Task item> Output the lines of the records from the one containing "The book introduces" through the last, both ends included. Leave pictures out.

Data for review>
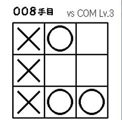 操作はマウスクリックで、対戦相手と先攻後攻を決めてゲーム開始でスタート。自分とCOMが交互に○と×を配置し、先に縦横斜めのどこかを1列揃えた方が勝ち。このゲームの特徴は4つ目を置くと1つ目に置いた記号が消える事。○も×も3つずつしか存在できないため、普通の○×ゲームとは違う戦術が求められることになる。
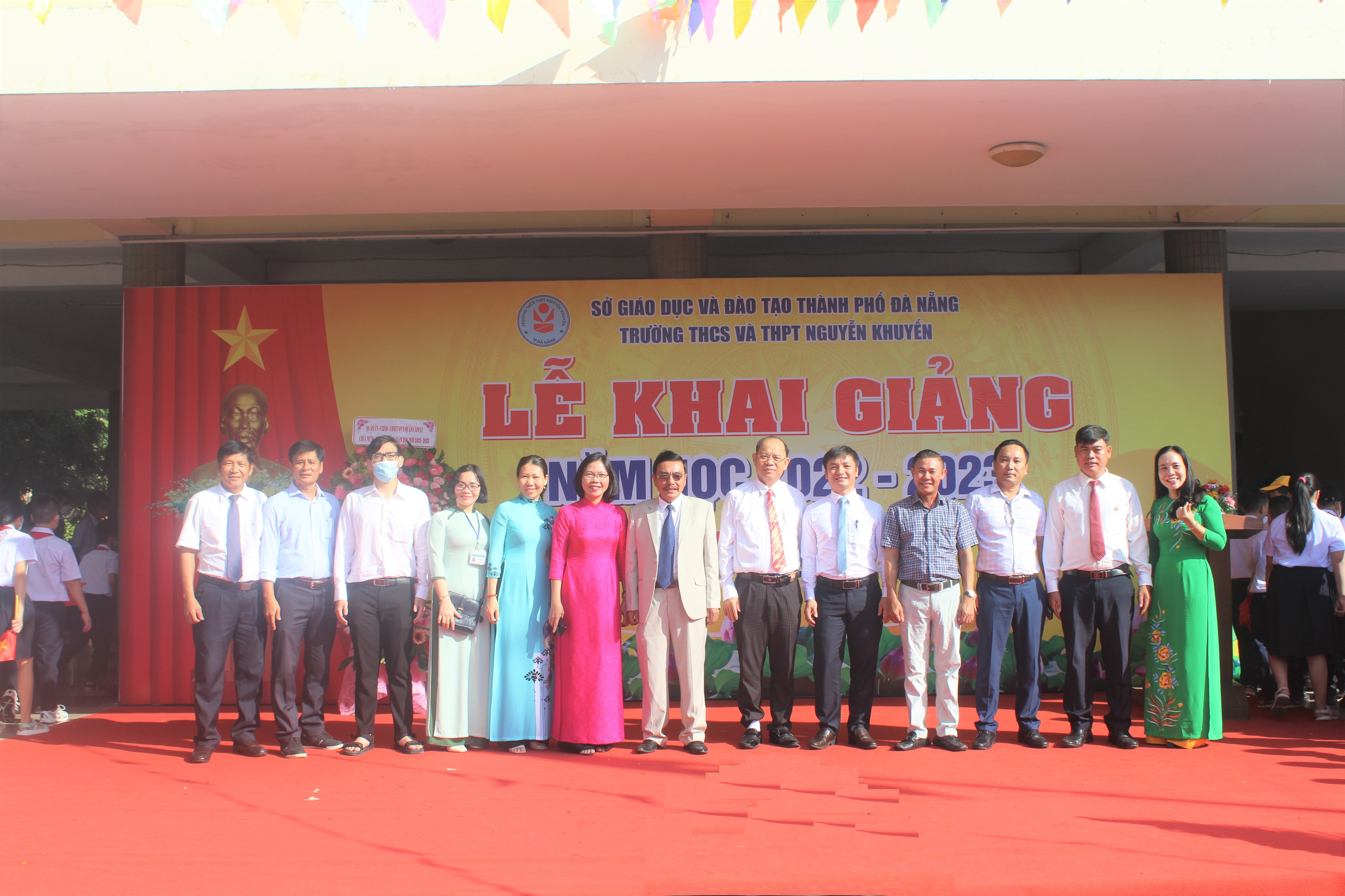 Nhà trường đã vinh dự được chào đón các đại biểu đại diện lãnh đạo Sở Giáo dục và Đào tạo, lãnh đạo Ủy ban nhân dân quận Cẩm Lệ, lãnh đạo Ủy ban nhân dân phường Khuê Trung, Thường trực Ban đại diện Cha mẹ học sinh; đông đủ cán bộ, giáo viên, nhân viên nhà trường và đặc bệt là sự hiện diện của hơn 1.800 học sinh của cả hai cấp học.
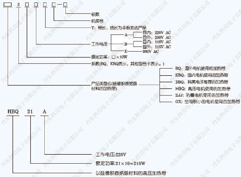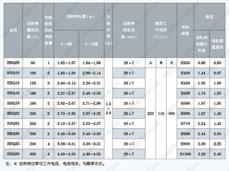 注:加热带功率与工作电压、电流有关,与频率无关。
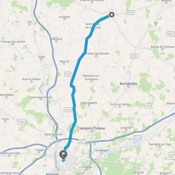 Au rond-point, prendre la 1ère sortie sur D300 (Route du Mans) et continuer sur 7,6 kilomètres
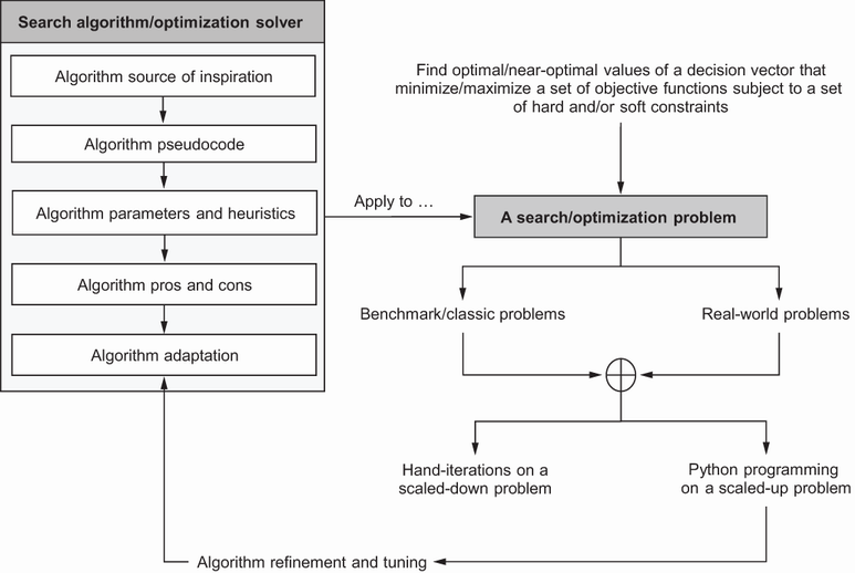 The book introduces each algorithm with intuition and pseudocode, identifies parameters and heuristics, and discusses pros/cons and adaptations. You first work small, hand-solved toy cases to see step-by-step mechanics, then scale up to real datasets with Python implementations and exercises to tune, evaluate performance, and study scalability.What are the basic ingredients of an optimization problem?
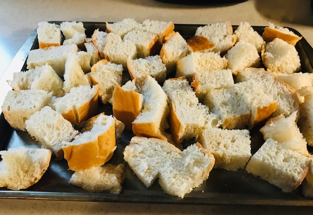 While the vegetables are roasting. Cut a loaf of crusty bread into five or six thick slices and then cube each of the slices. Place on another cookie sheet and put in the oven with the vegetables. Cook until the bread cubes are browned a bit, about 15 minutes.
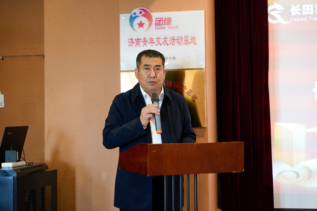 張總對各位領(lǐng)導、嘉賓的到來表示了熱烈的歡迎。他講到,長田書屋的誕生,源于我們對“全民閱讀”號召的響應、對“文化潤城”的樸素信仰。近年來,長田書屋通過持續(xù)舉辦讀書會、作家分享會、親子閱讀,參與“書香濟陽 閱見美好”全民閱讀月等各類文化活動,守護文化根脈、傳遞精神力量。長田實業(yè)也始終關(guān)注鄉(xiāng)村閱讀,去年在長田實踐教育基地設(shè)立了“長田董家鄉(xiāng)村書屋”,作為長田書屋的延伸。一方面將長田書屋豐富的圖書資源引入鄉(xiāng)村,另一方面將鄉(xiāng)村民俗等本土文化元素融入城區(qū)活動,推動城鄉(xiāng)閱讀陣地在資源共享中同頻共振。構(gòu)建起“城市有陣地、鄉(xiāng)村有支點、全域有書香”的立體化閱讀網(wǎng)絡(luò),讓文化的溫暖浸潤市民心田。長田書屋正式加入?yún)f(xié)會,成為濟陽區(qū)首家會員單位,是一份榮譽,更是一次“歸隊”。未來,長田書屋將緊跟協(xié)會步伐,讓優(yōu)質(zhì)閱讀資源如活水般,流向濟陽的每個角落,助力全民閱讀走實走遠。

Task response>
 The book introduces each algorithm with intuition and pseudocode, identifies parameters and heuristics, and discusses pros/cons and adaptations. You first work small, hand-solved toy cases to see step-by-step mechanics, then scale up to real datasets with Python implementations and exercises to tune, evaluate performance, and study scalability.What are the basic ingredients of an optimization problem?
 While the vegetables are roasting. Cut a loaf of crusty bread into five or six thick slices and then cube each of the slices. Place on another cookie sheet and put in the oven with the vegetables. Cook until the bread cubes are browned a bit, about 15 minutes.
 張總對各位領(lǐng)導、嘉賓的到來表示了熱烈的歡迎。他講到,長田書屋的誕生,源于我們對“全民閱讀”號召的響應、對“文化潤城”的樸素信仰。近年來,長田書屋通過持續(xù)舉辦讀書會、作家分享會、親子閱讀,參與“書香濟陽 閱見美好”全民閱讀月等各類文化活動,守護文化根脈、傳遞精神力量。長田實業(yè)也始終關(guān)注鄉(xiāng)村閱讀,去年在長田實踐教育基地設(shè)立了“長田董家鄉(xiāng)村書屋”,作為長田書屋的延伸。一方面將長田書屋豐富的圖書資源引入鄉(xiāng)村,另一方面將鄉(xiāng)村民俗等本土文化元素融入城區(qū)活動,推動城鄉(xiāng)閱讀陣地在資源共享中同頻共振。構(gòu)建起“城市有陣地、鄉(xiāng)村有支點、全域有書香”的立體化閱讀網(wǎng)絡(luò),讓文化的溫暖浸潤市民心田。長田書屋正式加入?yún)f(xié)會,成為濟陽區(qū)首家會員單位,是一份榮譽,更是一次“歸隊”。未來,長田書屋將緊跟協(xié)會步伐,讓優(yōu)質(zhì)閱讀資源如活水般,流向濟陽的每個角落,助力全民閱讀走實走遠。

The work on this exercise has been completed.